电子病历中不平衡阳性未标记诊断码的贝叶斯分析。

随着电子健康记录(EHR)的日益普及，卫生数据分析人员和研究人员在开发预测推理和算法方面取得了重大进展。然而，尽管信息丰富，但EHR数据由于缺失和不准确的输入而臭名昭著。一个严重的问题是，数据库中只有一小部分患者有确诊，而许多其他患者由于没有遵守推荐的检查而未被诊断。这种现象导致了一种所谓的积极无标签的情况，标签是极其不平衡的。在本文中，我们提出了一种基于模型的方法，使用贝叶斯有限混合模型对未标记的患者进行分类。我们还讨论了不平衡数据的标签切换问题，并提出了一种共识蒙特卡罗方法来解决不平衡问题，同时提高计算效率。仿真研究表明，我们提出的基于模型的方法优于现有的正无标签学习算法。将该方法应用于Cerner EHR，通过实验室测量来检测糖尿病视网膜病变(DR)患者。在EHR数据库中只有3%的确诊诊断，我们估计DR的实际患病率为25%，这与医学文献报道的结果一致。

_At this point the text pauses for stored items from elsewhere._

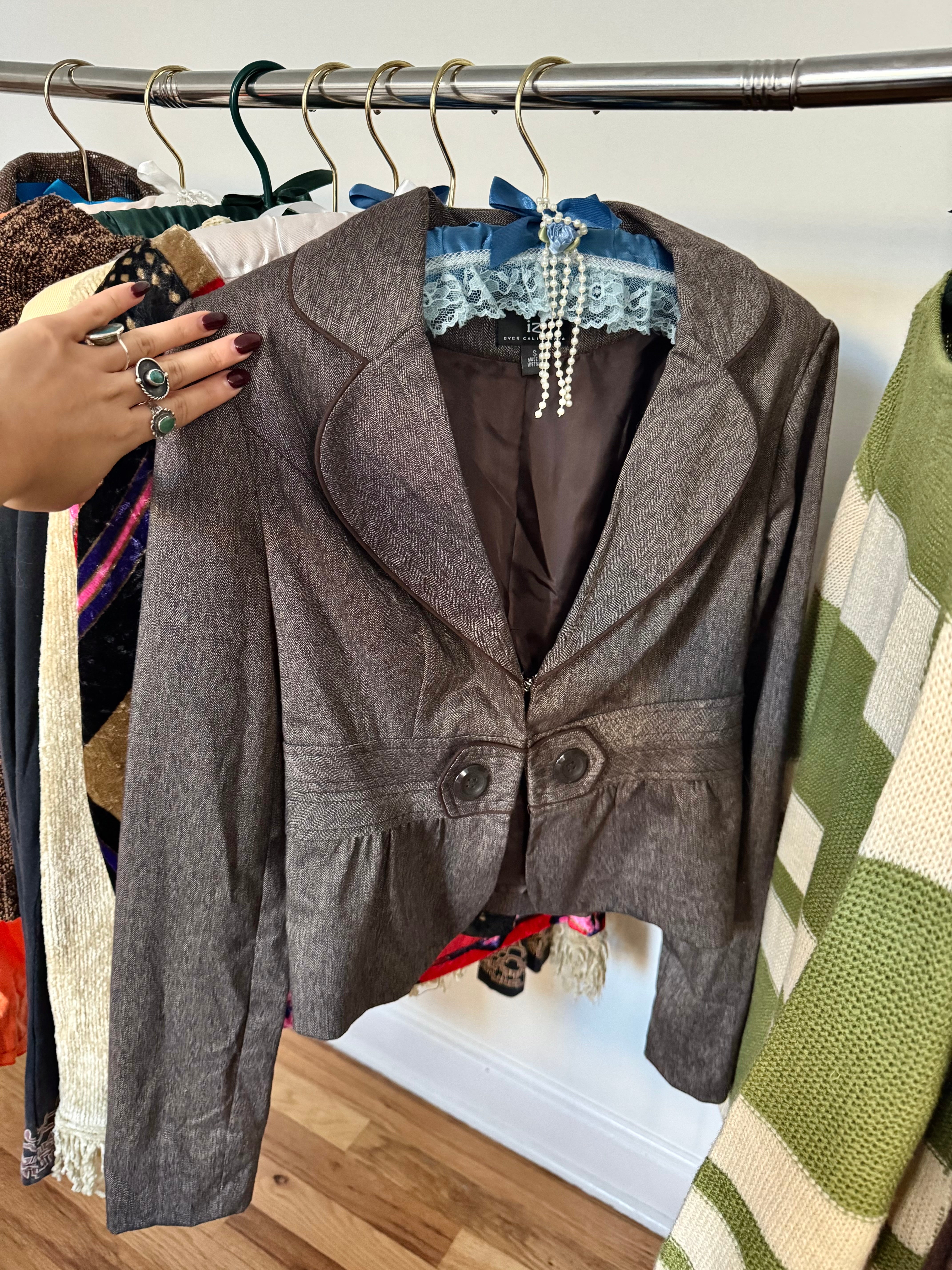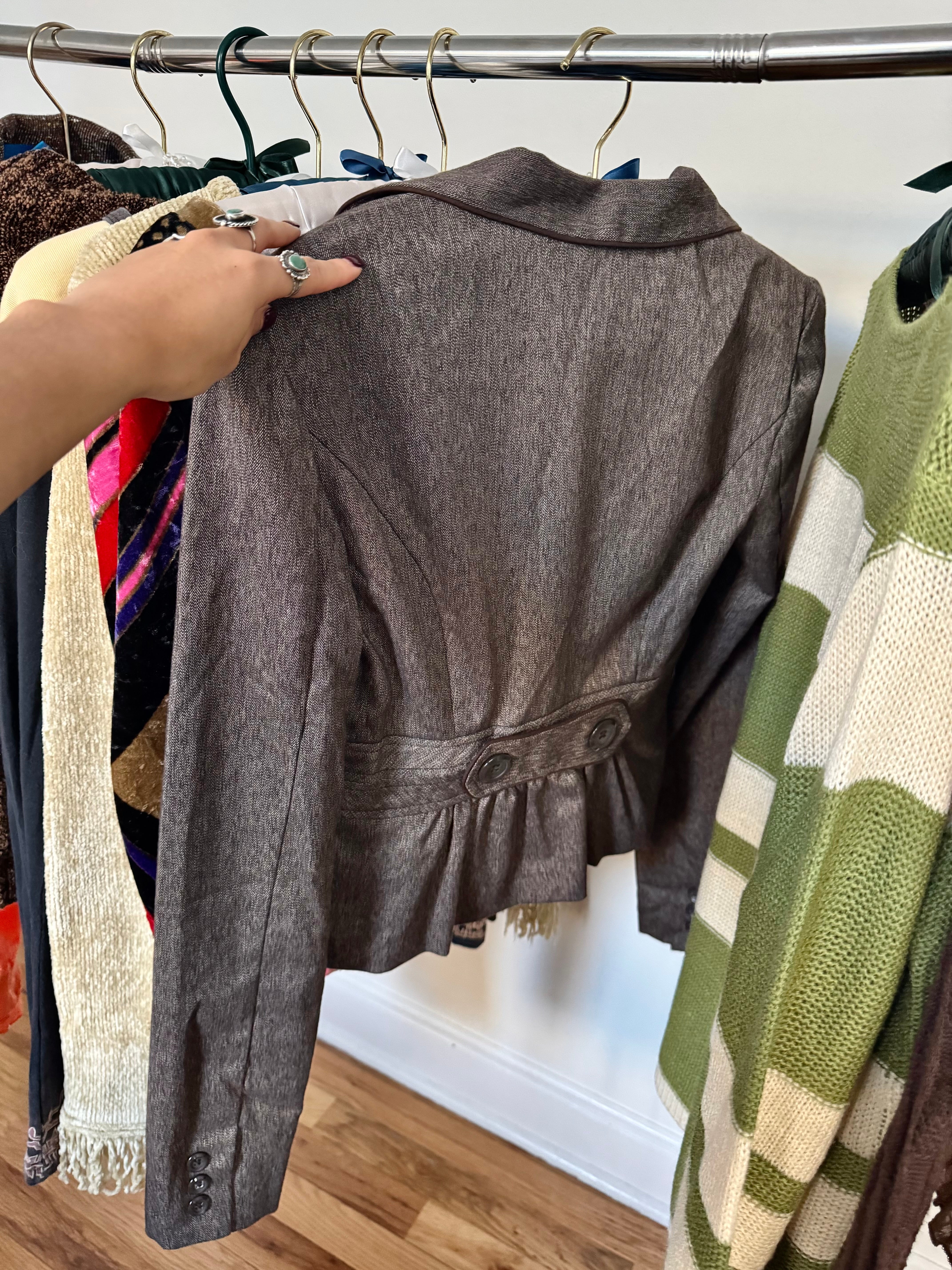 Vintage 90s Retro Brown Cropped Blazer (S)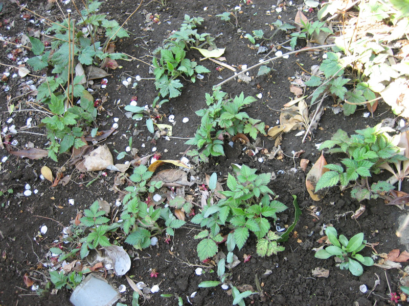 鉢植えにしたラズベリー『品種名:マイラビット』、『品種名:プチルビー』を土の上に置いておいた所、植木鉢の下の穴から地下茎を伸ばして、周りで繁殖してしまいました。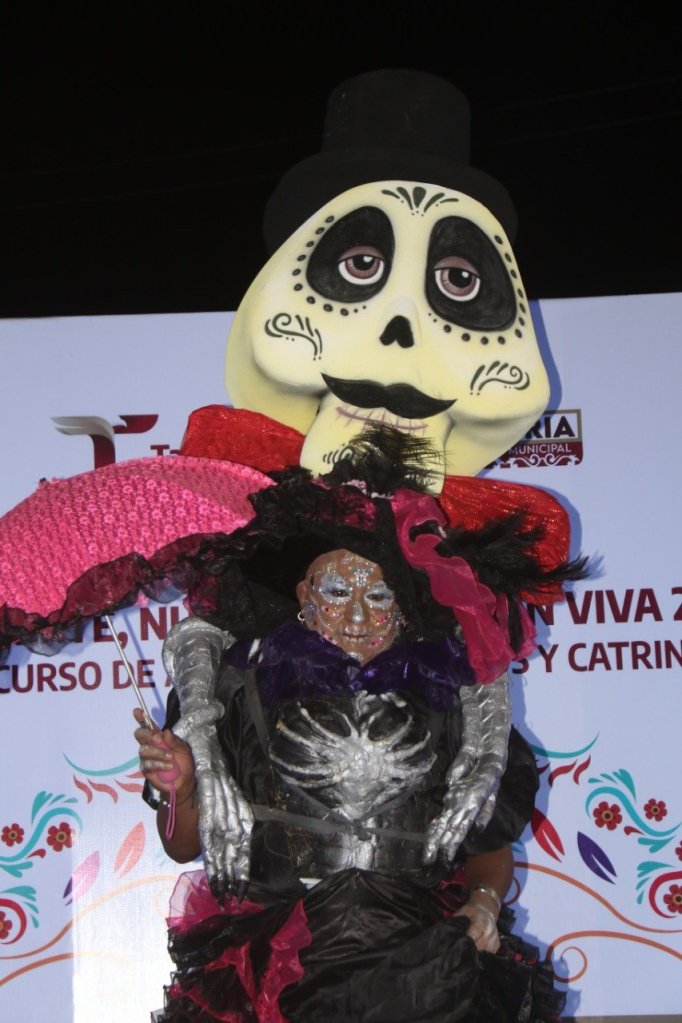 En la categoría clásica de catrinas, se entrego el premio de primer lugar a Adriana Hernández Montoya, mientras que en la de fantasía se adjudico la primera posición a Jorge de la Cruz Martinez que porto una colorida y tradicional vestimenta de Día de Muertos.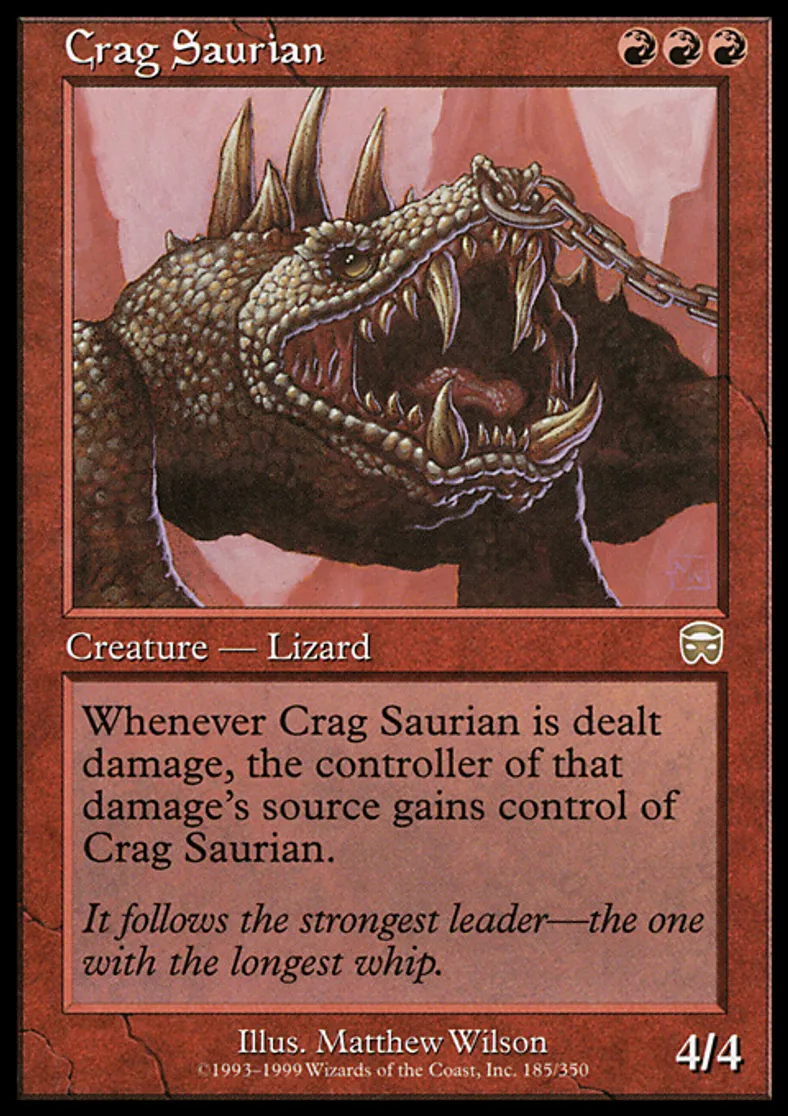 | Oracle Text | Whenever a source deals damage to Crag Saurian, that source's controller gains control of Crag Saurian. | ||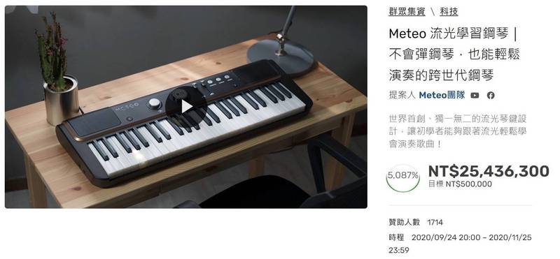 她舉例,超橘白公司在嘖嘖募資平台發起,超早鳥優惠價每台從1萬3900元至1萬6100元、標榜「不會彈鋼琴,也能輕鬆演奏」的Meteo流光學習鋼琴,自2020年9月24日開始,募資2個月直到11月25日結束,比預定50萬元目標超出甚多,共募得2543萬6300元、達成率為5087%。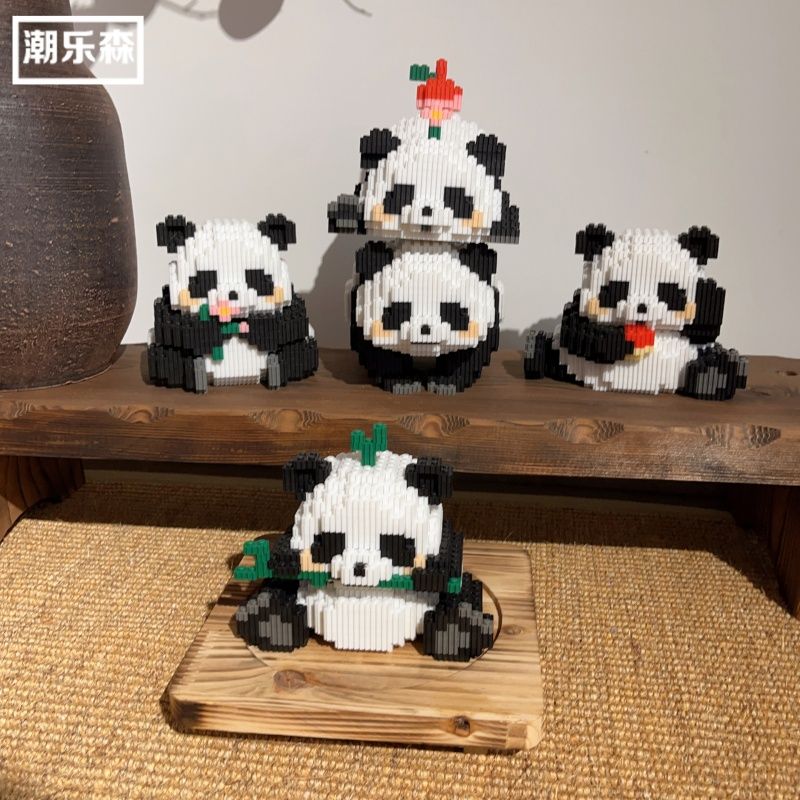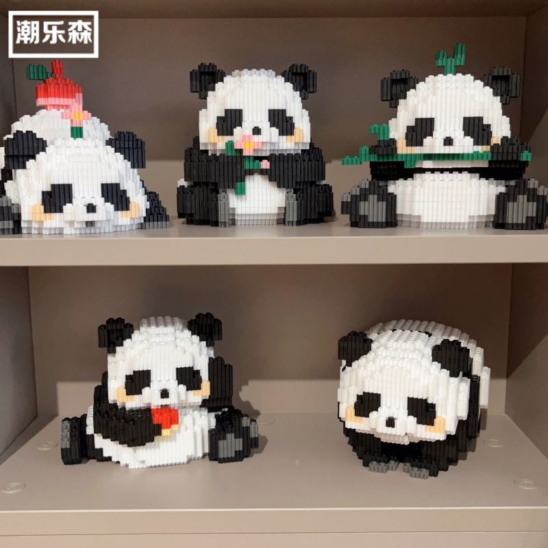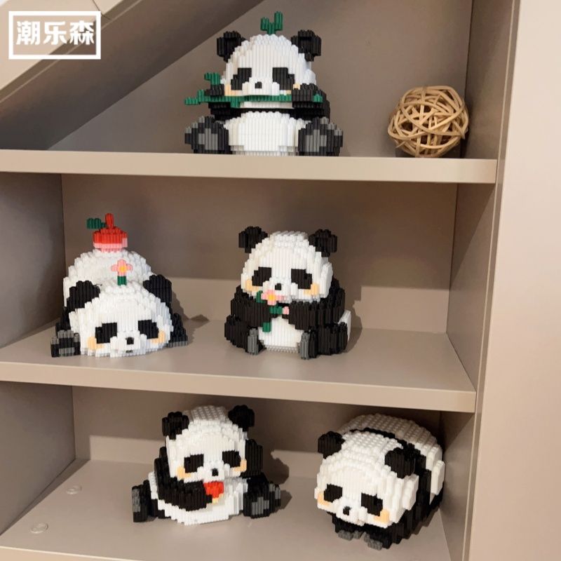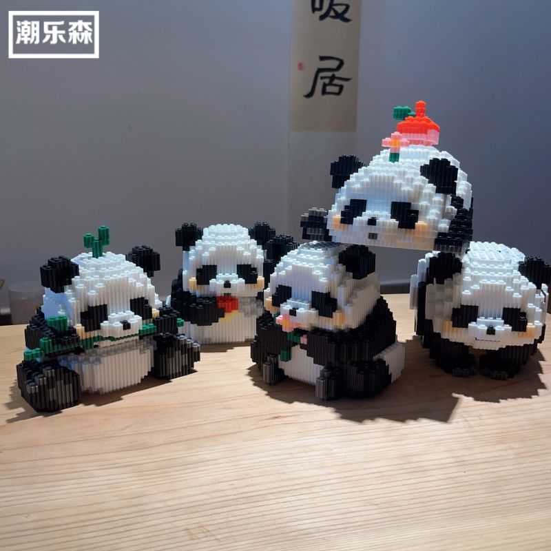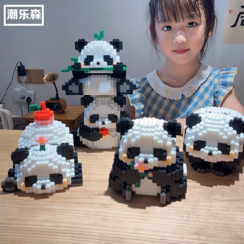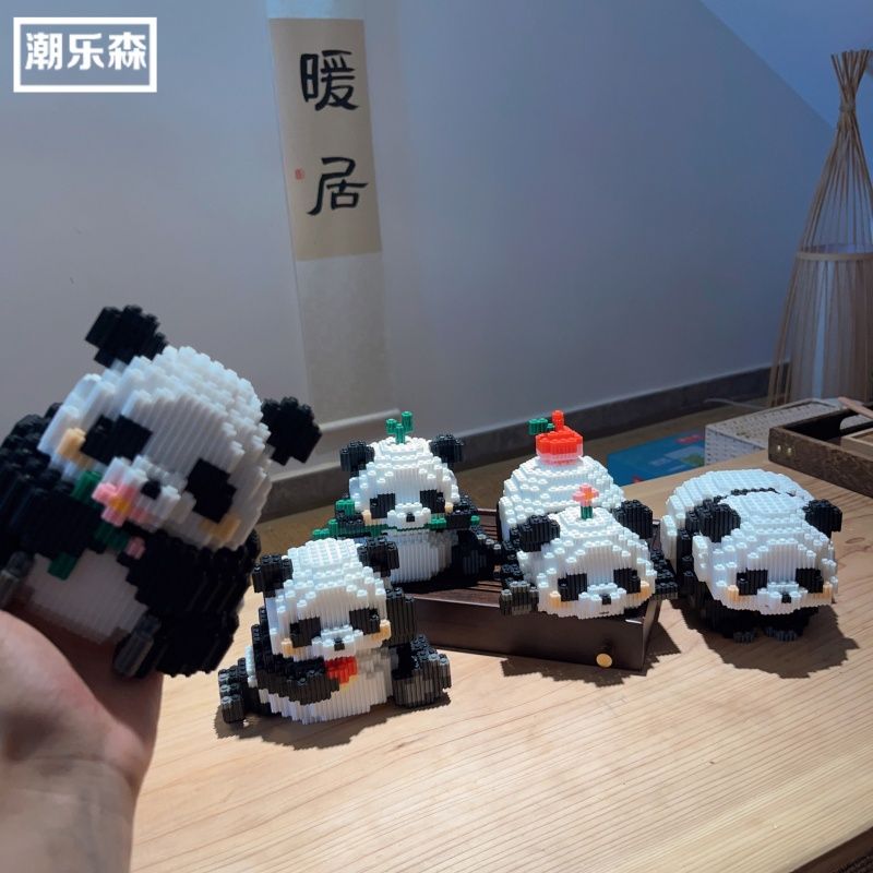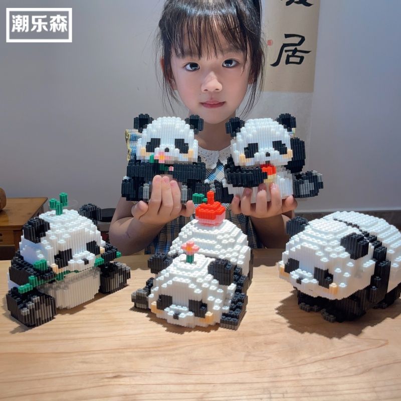 清仓超萌花花熊猫小颗粒兼容乐高积木玩具高难度摆件拼图女孩礼物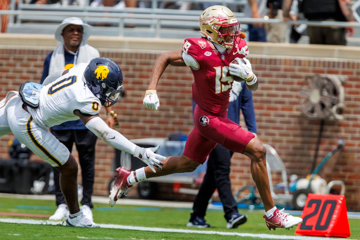 Robinson had four catches for 160 yards in the first 15 minutes, the most receiving yards by a Florida State player in a quarter in program history. The Southern Cal transfer finished with five catches for 173 yards and two scores, including an impressive one-handed snag.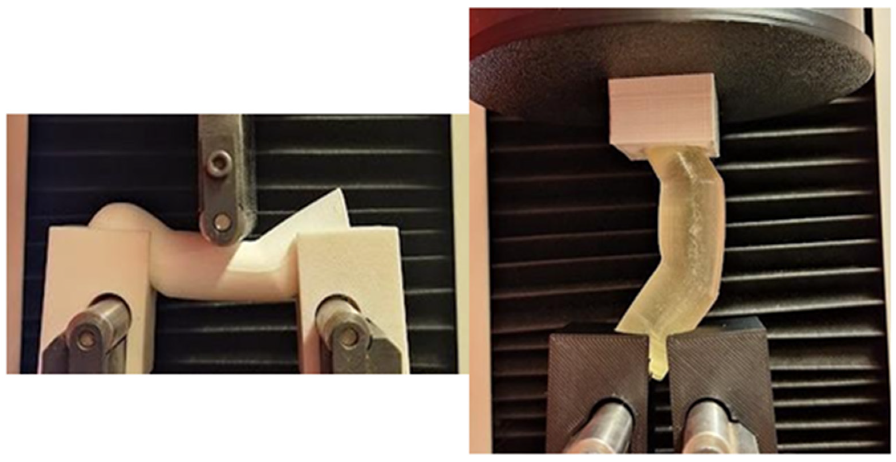 In masked stereolithography (MSLA), flexible or elastic resins can also be used, though they typically exhibit lower elongation at break and limited tear resistance compared to silicones. While MSLA allows for fine surface detail and complex geometries, its suitability for repeated mechanical loading is still under investigation [

本文章由计算机程序翻译，如有差异，请以英文原文为准。

求助全文

约1分钟内获得全文求助全文

来源期刊

Annals of Applied Statistics 社会科学-统计学与概率论

CiteScore

3.10

自引率

5.60%

发文量

131

审稿时长

6-12 weeks

期刊介绍： Statistical research spans an enormous range from direct subject-matter collaborations to pure mathematical theory. The Annals of Applied Statistics, the newest journal from the IMS, is aimed at papers in the applied half of this range. Published quarterly in both print and electronic form, our goal is to provide a timely and unified forum for all areas of applied statistics.